* [Exercise] Verbatim, and with nothing else, reproduce the data below from its first line through the line containing "トースト二枚に、バター、それ".

** Material provided follows **

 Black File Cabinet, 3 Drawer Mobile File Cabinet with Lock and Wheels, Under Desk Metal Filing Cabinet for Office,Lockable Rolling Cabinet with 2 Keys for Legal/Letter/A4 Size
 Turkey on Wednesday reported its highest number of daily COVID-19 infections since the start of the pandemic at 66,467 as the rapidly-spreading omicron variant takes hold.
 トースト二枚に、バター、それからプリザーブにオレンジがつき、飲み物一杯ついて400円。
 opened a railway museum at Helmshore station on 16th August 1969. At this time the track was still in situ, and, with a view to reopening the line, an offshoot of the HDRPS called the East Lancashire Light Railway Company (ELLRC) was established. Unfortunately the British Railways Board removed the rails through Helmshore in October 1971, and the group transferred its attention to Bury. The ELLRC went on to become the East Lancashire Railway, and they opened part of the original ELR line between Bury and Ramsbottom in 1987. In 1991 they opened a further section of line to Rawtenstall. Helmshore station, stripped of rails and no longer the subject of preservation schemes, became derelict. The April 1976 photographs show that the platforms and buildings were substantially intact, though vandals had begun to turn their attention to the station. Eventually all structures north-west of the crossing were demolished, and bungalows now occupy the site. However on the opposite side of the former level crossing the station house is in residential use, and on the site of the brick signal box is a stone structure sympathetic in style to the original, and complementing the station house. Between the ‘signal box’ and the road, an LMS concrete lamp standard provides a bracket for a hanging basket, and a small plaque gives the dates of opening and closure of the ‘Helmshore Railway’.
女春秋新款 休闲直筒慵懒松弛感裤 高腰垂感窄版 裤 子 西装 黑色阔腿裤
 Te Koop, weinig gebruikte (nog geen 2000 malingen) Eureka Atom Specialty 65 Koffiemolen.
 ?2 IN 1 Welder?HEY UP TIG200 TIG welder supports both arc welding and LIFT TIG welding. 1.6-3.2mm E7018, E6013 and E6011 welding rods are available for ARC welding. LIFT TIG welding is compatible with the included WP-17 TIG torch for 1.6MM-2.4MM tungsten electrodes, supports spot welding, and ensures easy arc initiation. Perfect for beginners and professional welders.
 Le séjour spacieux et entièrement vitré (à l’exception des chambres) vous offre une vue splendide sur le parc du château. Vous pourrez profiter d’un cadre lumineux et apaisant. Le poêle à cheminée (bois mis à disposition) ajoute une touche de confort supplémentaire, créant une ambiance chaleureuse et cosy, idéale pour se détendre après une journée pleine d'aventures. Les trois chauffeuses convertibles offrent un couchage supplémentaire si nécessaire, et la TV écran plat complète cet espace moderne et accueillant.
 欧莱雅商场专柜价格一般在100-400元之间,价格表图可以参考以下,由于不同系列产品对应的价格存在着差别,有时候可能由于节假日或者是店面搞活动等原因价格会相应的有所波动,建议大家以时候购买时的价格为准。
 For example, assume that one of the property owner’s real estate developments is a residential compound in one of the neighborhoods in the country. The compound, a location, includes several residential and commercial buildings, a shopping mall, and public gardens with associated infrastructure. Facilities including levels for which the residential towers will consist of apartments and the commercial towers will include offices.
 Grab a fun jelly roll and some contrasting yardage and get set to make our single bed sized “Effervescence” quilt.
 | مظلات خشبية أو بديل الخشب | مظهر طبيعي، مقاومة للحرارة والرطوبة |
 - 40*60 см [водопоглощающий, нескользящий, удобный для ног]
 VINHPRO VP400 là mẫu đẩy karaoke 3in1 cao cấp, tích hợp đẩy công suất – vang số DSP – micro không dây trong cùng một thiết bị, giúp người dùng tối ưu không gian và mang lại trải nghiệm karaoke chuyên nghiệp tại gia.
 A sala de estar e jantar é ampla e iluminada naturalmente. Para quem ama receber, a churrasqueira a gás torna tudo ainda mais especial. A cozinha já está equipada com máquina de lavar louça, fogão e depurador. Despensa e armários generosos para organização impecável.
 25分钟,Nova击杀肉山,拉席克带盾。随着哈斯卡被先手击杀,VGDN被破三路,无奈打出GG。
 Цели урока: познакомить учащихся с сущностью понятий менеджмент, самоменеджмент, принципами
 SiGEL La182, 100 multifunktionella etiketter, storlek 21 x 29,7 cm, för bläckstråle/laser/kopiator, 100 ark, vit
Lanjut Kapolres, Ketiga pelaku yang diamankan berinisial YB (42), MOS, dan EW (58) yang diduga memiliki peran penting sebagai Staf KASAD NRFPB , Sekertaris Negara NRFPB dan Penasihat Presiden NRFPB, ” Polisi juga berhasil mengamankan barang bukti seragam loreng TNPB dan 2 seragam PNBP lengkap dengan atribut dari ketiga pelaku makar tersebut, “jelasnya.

** End of Material provided **

* [Response below]
 Black File Cabinet, 3 Drawer Mobile File Cabinet with Lock and Wheels, Under Desk Metal Filing Cabinet for Office,Lockable Rolling Cabinet with 2 Keys for Legal/Letter/A4 Size
 Turkey on Wednesday reported its highest number of daily COVID-19 infections since the start of the pandemic at 66,467 as the rapidly-spreading omicron variant takes hold.
 トースト二枚に、バター、それからプリザーブにオレンジがつき、飲み物一杯ついて400円。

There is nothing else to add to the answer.